Text field facet returns tokenized/analyzed terms
Closed this issue · 1 comments
Hi,
I am using Elasticsearch 5.x with this backed and so far things seem to be working fine except when faceting text fields the returned facet strings seem to be tokenized, for example facet values are converted to lowercase and multi word field values a split into multiple facets.

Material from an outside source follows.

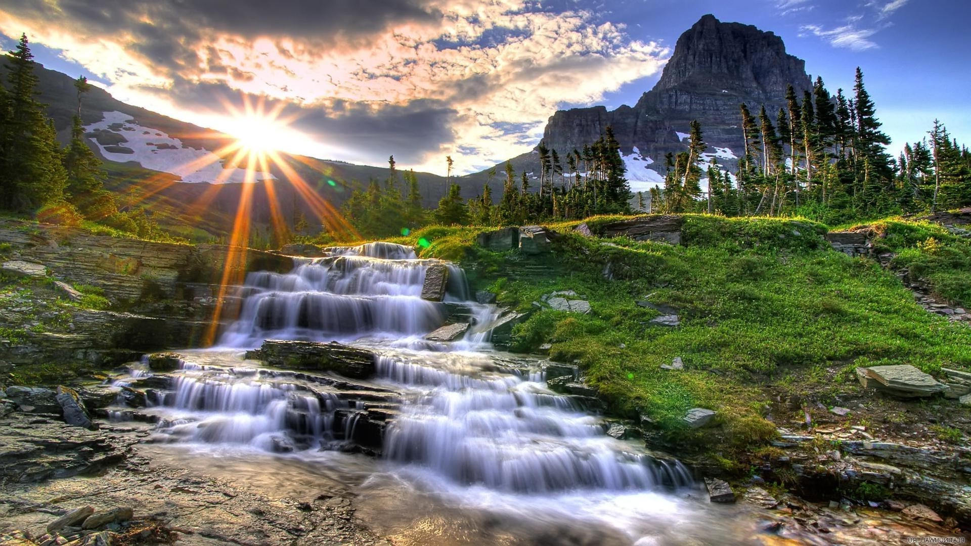 Landschaft mit Bergen, Bäumen und einem Wasserfall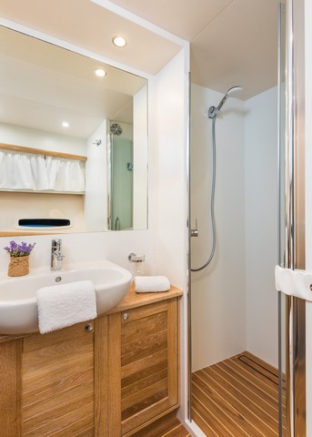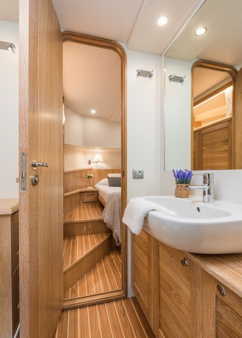 La unidad que navegamos, obviamente realizada según las preferencias del armador, cumplía con una planta de cuatro cabinas dobles con sus respectivos aseos, además de la de marinería. Cada camarote dispone de ventilación natural y armarios roperos, además de su aseo completo con ducha separada.

I think this is due to something similar to whats described at https://www.elastic.co/guide/en/elasticsearch/guide/current/aggregations-and-analysis.html
Assuming I have following records with a field called state
{ "state" : "New York" }
{ "state" : "New Jersey" }
{ "state" : "New Mexico" }
{ "state" : "New York" }
{ "state" : "New York" }
Whenever I run searchqueryset.facet('state')
I get something like;-
[
("new", 5),
("york", 3),
("jersey", 1),
("mexico", 1)
]
Instead of
[
("New York", 3),
("New Jersey", 1),
("New Mexico", 1)
]
I guess one of the potential soultion could be utilizing Elasticsearch multi-fields in indexing faceted fields and in terms aggregation
.
I tried to fork and use Elasticsearch multi-fields with this backend and things seems to be working as expected so far, check https://github.com/machakux/haystack-elasticsearch5 (backend.py
). In this case you don't have to remove faceted=True
in your in your haystack search index fields
What do you think? Am I missing something?
Any updates?